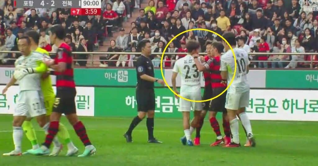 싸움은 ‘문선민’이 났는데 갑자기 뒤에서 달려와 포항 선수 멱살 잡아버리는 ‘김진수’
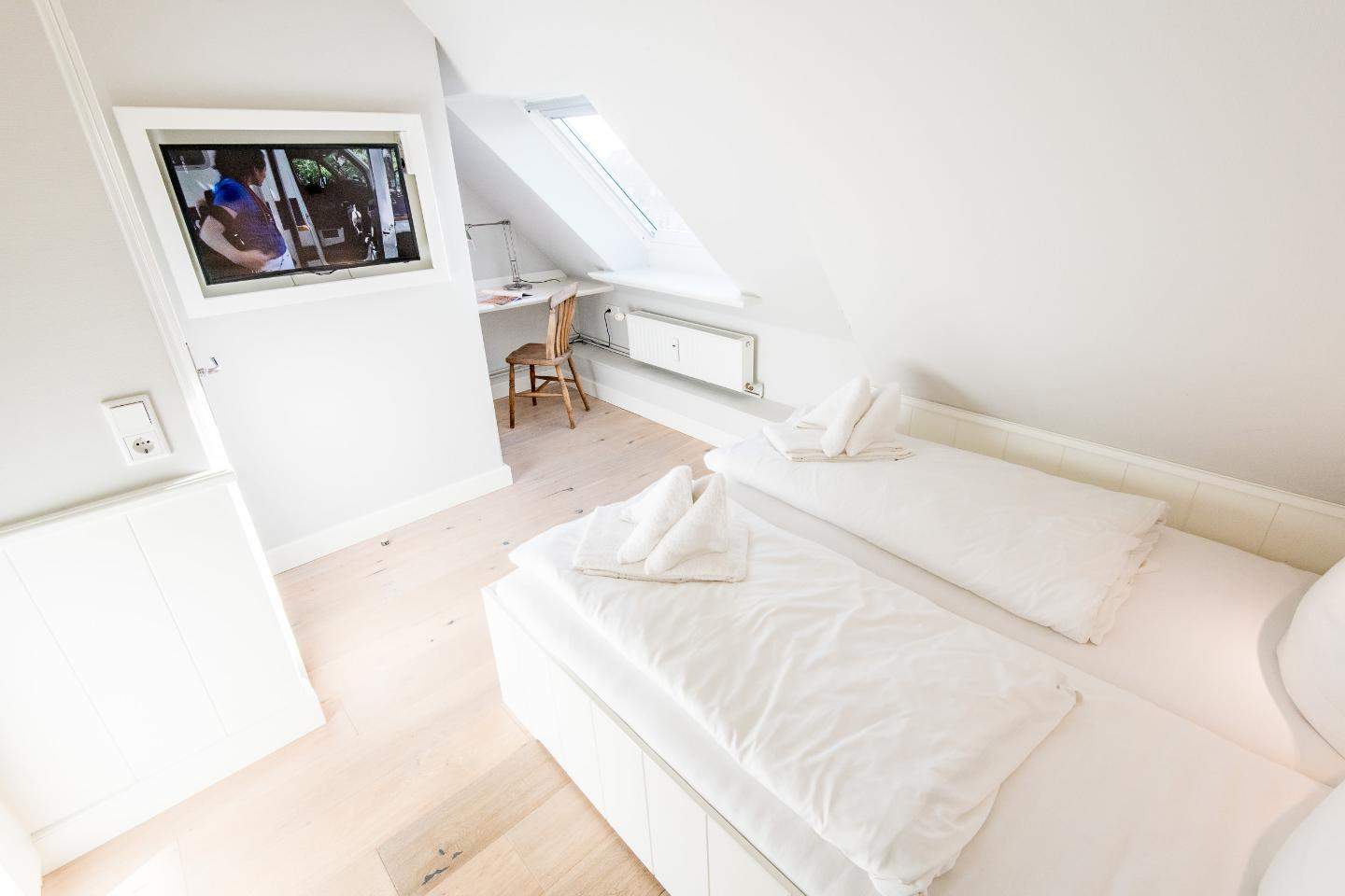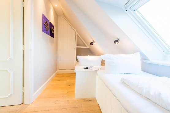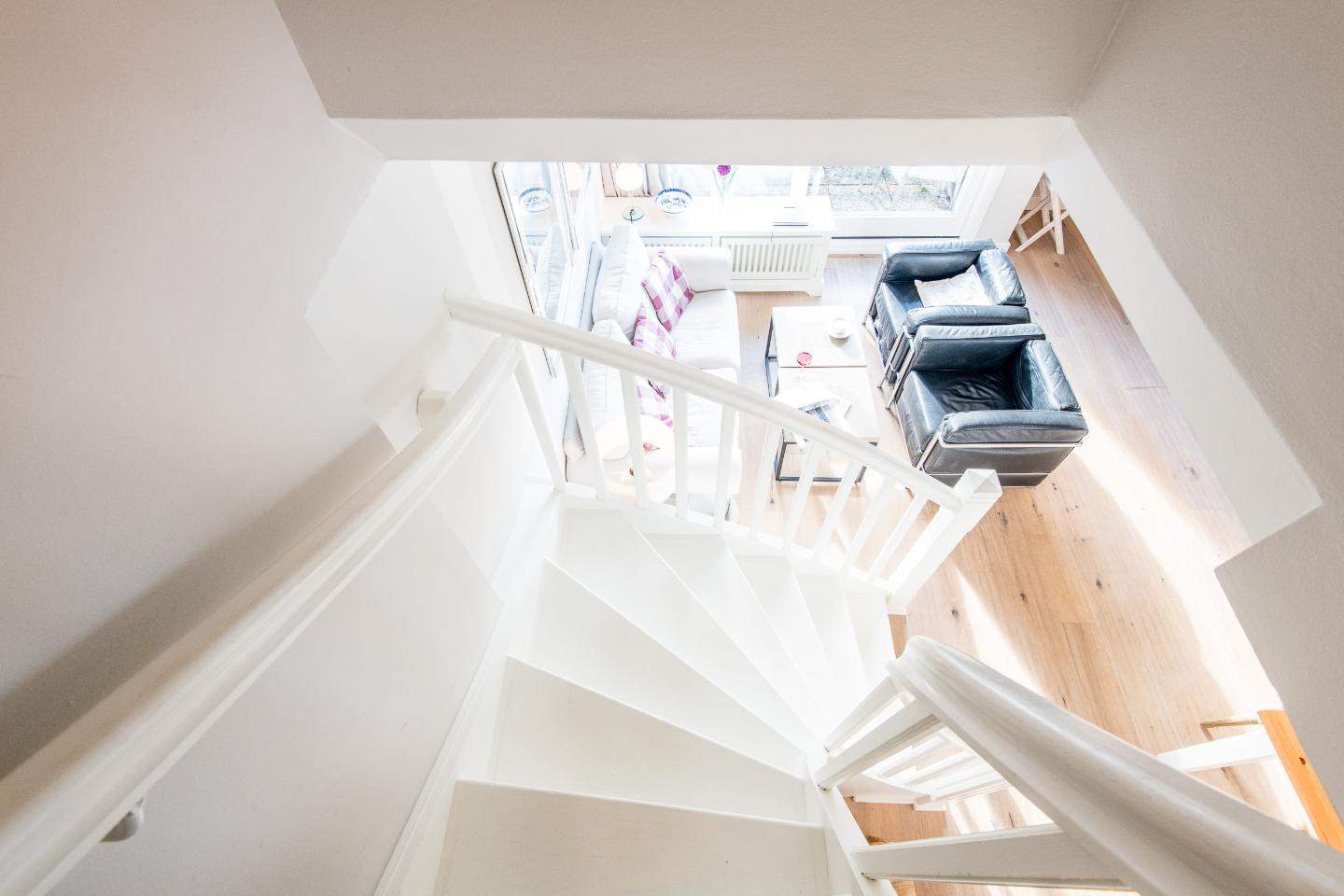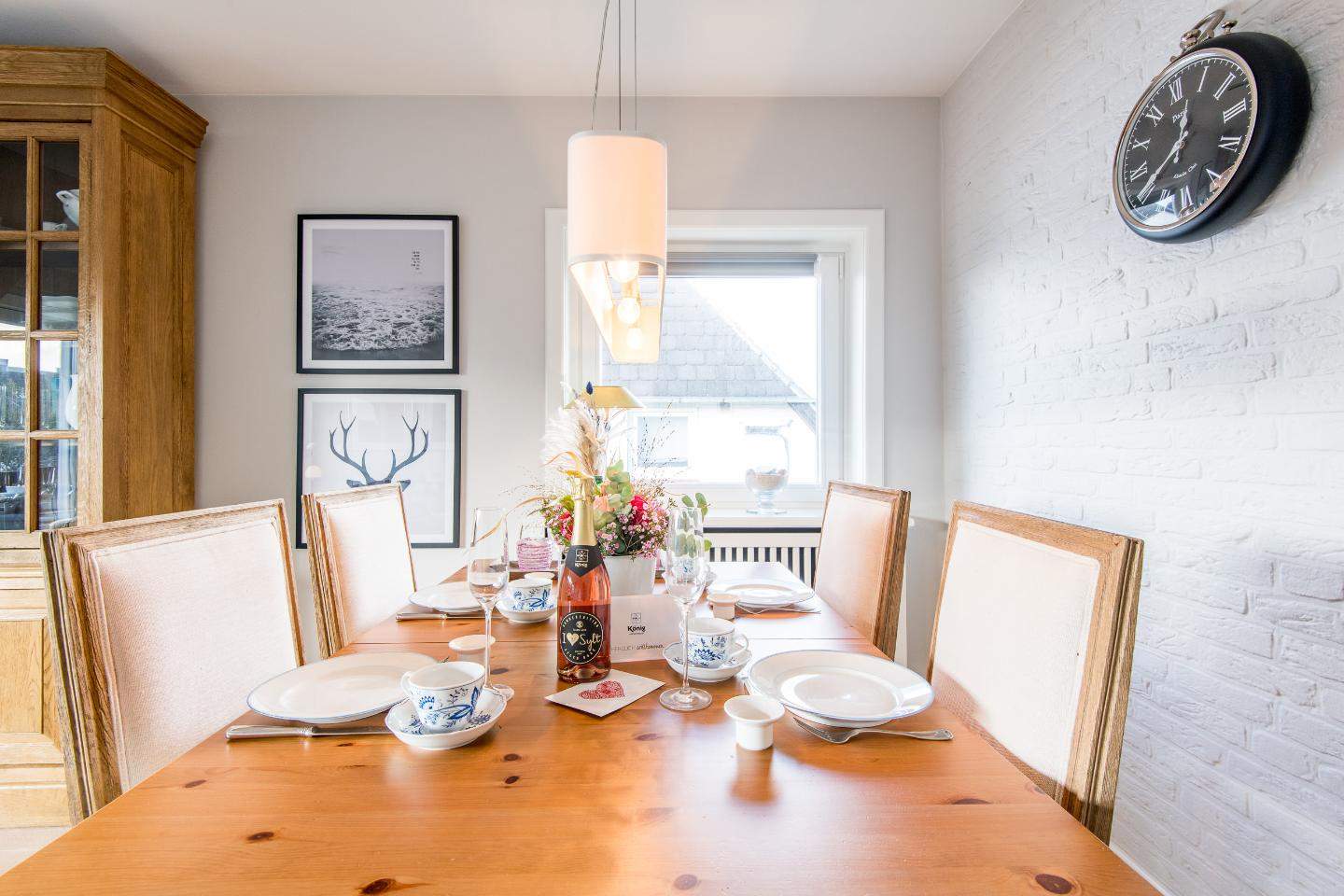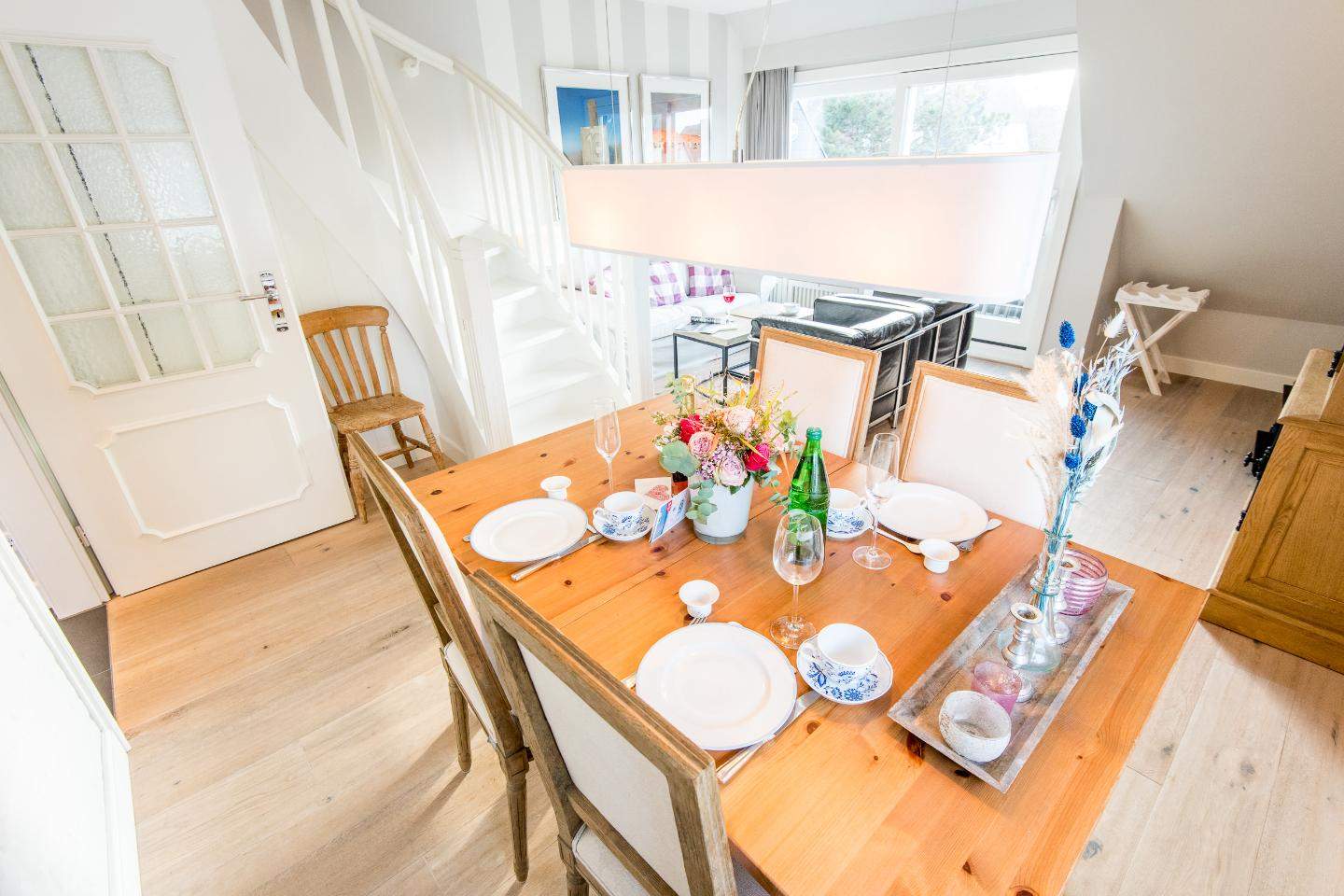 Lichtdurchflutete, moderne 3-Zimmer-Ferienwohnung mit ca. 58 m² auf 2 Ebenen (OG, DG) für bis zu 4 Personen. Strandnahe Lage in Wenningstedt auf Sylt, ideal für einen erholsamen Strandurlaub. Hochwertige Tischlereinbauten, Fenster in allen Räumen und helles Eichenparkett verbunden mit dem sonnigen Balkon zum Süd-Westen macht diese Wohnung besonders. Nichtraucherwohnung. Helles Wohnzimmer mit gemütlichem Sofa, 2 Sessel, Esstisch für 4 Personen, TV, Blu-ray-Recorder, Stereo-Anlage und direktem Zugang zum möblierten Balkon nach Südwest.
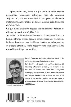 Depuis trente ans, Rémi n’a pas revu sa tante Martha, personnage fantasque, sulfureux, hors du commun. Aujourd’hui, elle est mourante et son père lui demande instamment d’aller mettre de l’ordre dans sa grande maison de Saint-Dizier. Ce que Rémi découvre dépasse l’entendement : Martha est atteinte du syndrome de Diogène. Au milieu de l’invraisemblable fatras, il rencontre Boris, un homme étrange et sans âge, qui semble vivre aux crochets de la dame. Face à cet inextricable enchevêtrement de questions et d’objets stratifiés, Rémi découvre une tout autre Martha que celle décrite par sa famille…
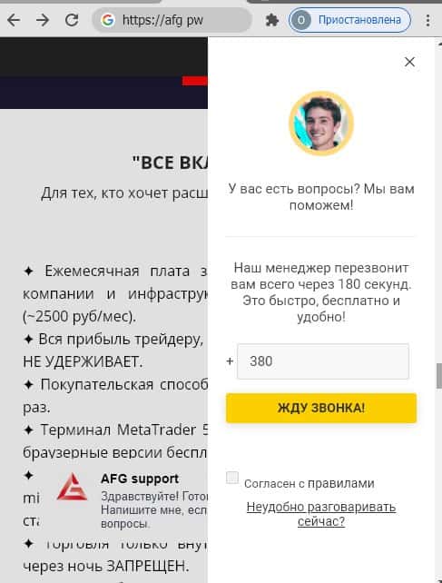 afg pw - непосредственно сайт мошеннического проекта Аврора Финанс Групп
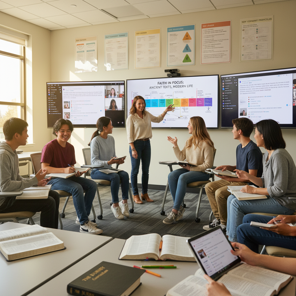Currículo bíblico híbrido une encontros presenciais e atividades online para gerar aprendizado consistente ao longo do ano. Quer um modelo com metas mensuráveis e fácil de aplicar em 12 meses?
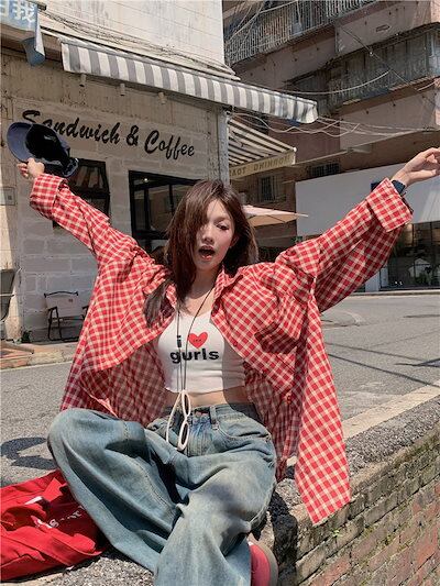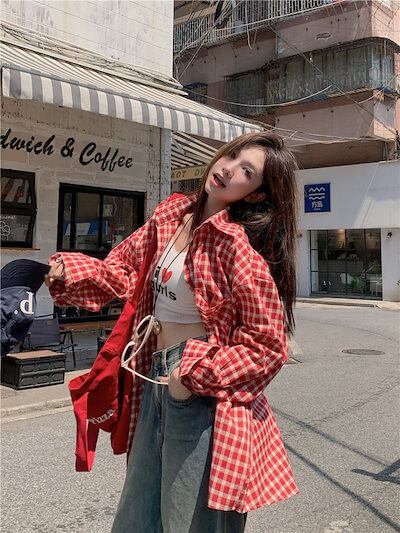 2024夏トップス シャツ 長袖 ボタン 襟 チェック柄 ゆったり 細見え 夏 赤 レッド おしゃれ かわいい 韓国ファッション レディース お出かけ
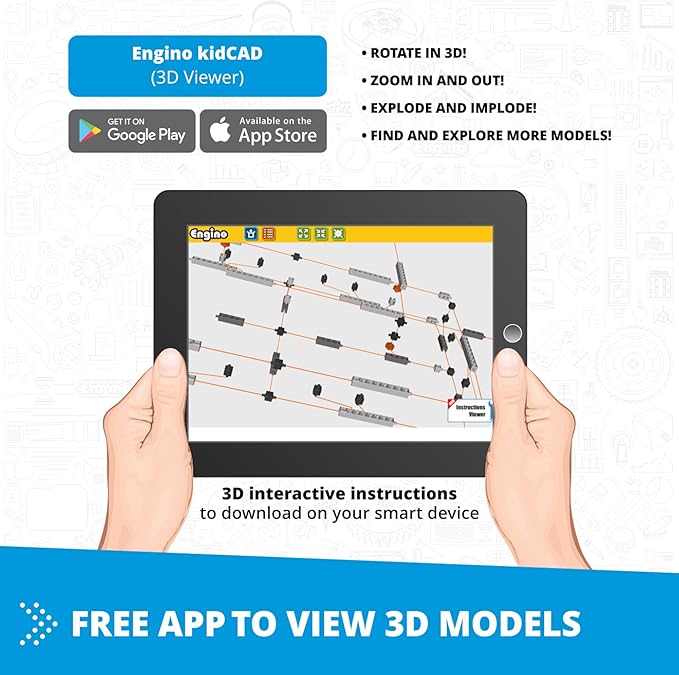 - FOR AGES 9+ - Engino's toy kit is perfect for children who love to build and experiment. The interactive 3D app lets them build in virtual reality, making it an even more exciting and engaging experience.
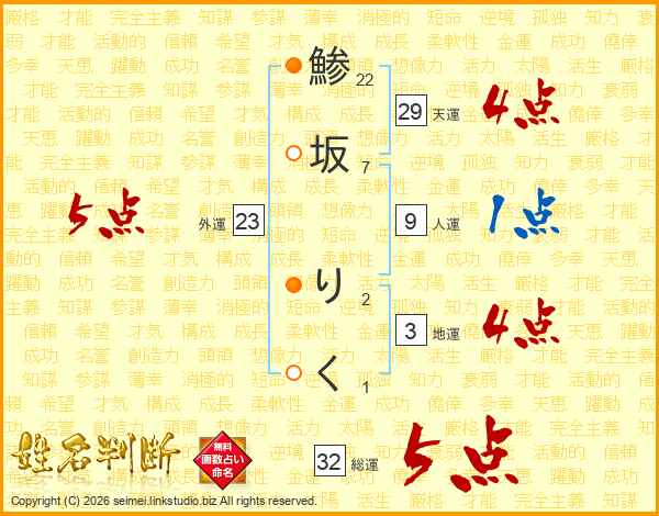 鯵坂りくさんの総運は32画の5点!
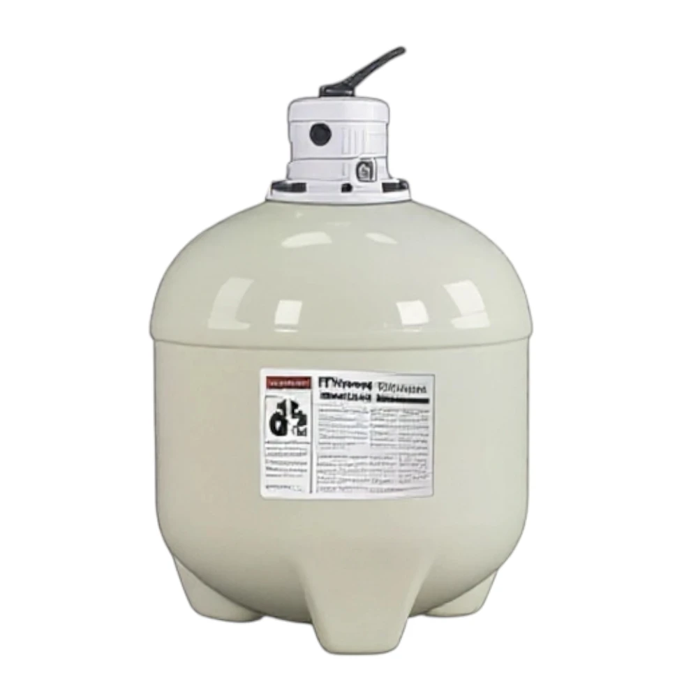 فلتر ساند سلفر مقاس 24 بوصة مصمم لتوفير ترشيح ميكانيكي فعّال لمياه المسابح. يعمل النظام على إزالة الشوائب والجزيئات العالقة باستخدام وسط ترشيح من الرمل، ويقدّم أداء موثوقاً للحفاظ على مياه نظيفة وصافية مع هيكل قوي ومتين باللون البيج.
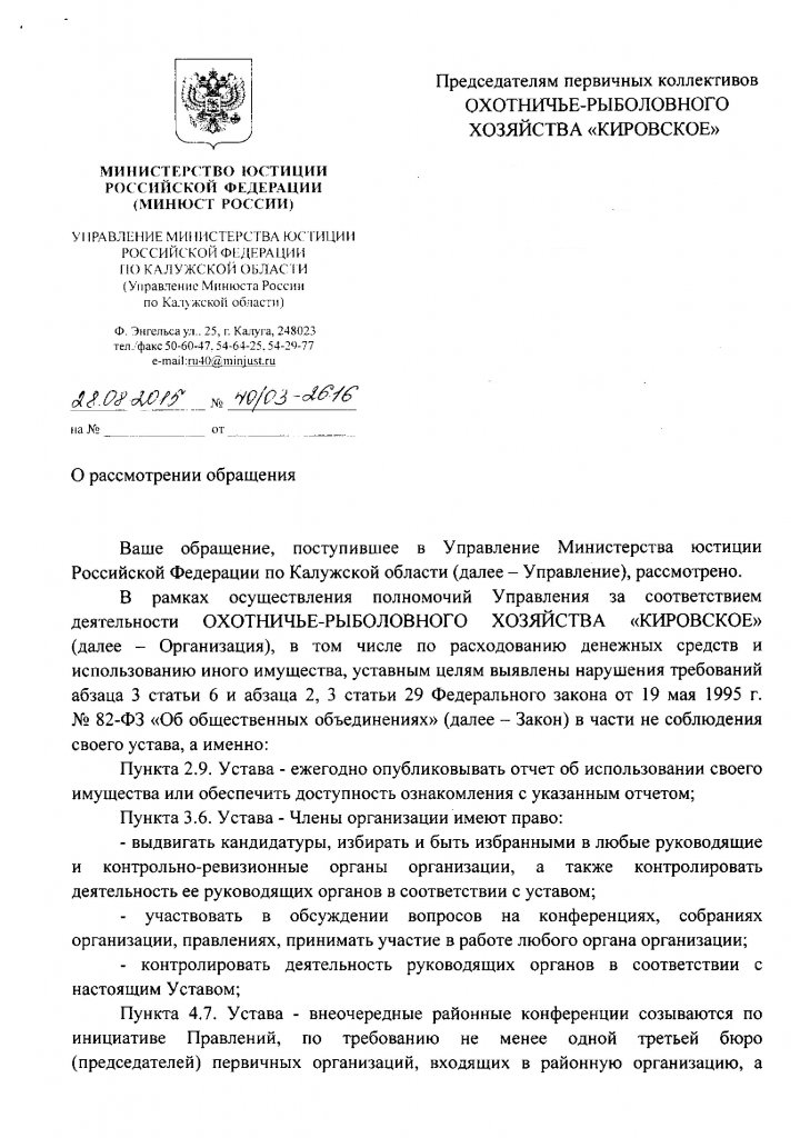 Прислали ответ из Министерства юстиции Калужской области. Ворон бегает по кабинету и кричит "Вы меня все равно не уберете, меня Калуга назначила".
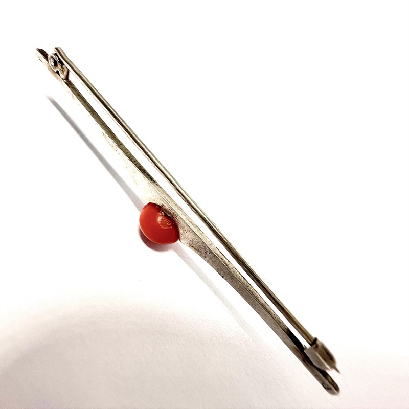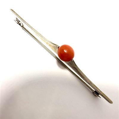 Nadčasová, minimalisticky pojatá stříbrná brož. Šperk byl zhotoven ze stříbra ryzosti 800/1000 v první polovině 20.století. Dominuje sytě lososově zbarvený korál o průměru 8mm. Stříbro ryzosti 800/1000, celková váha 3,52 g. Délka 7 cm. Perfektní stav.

################

Return the complete material above exactly, with no picture.

# RESPONSE FOR THIS EXERCISE:
 싸움은 ‘문선민’이 났는데 갑자기 뒤에서 달려와 포항 선수 멱살 잡아버리는 ‘김진수’
 Lichtdurchflutete, moderne 3-Zimmer-Ferienwohnung mit ca. 58 m² auf 2 Ebenen (OG, DG) für bis zu 4 Personen. Strandnahe Lage in Wenningstedt auf Sylt, ideal für einen erholsamen Strandurlaub. Hochwertige Tischlereinbauten, Fenster in allen Räumen und helles Eichenparkett verbunden mit dem sonnigen Balkon zum Süd-Westen macht diese Wohnung besonders. Nichtraucherwohnung. Helles Wohnzimmer mit gemütlichem Sofa, 2 Sessel, Esstisch für 4 Personen, TV, Blu-ray-Recorder, Stereo-Anlage und direktem Zugang zum möblierten Balkon nach Südwest.
 Depuis trente ans, Rémi n’a pas revu sa tante Martha, personnage fantasque, sulfureux, hors du commun. Aujourd’hui, elle est mourante et son père lui demande instamment d’aller mettre de l’ordre dans sa grande maison de Saint-Dizier. Ce que Rémi découvre dépasse l’entendement : Martha est atteinte du syndrome de Diogène. Au milieu de l’invraisemblable fatras, il rencontre Boris, un homme étrange et sans âge, qui semble vivre aux crochets de la dame. Face à cet inextricable enchevêtrement de questions et d’objets stratifiés, Rémi découvre une tout autre Martha que celle décrite par sa famille…
 afg pw - непосредственно сайт мошеннического проекта Аврора Финанс Групп
Currículo bíblico híbrido une encontros presenciais e atividades online para gerar aprendizado consistente ao longo do ano. Quer um modelo com metas mensuráveis e fácil de aplicar em 12 meses?
 2024夏トップス シャツ 長袖 ボタン 襟 チェック柄 ゆったり 細見え 夏 赤 レッド おしゃれ かわいい 韓国ファッション レディース お出かけ
 - FOR AGES 9+ - Engino's toy kit is perfect for children who love to build and experiment. The interactive 3D app lets them build in virtual reality, making it an even more exciting and engaging experience.
 鯵坂りくさんの総運は32画の5点!
 فلتر ساند سلفر مقاس 24 بوصة مصمم لتوفير ترشيح ميكانيكي فعّال لمياه المسابح. يعمل النظام على إزالة الشوائب والجزيئات العالقة باستخدام وسط ترشيح من الرمل، ويقدّم أداء موثوقاً للحفاظ على مياه نظيفة وصافية مع هيكل قوي ومتين باللون البيج.
 Прислали ответ из Министерства юстиции Калужской области. Ворон бегает по кабинету и кричит "Вы меня все равно не уберете, меня Калуга назначила".
 Nadčasová, minimalisticky pojatá stříbrná brož. Šperk byl zhotoven ze stříbra ryzosti 800/1000 v první polovině 20.století. Dominuje sytě lososově zbarvený korál o průměru 8mm. Stříbro ryzosti 800/1000, celková váha 3,52 g. Délka 7 cm. Perfektní stav.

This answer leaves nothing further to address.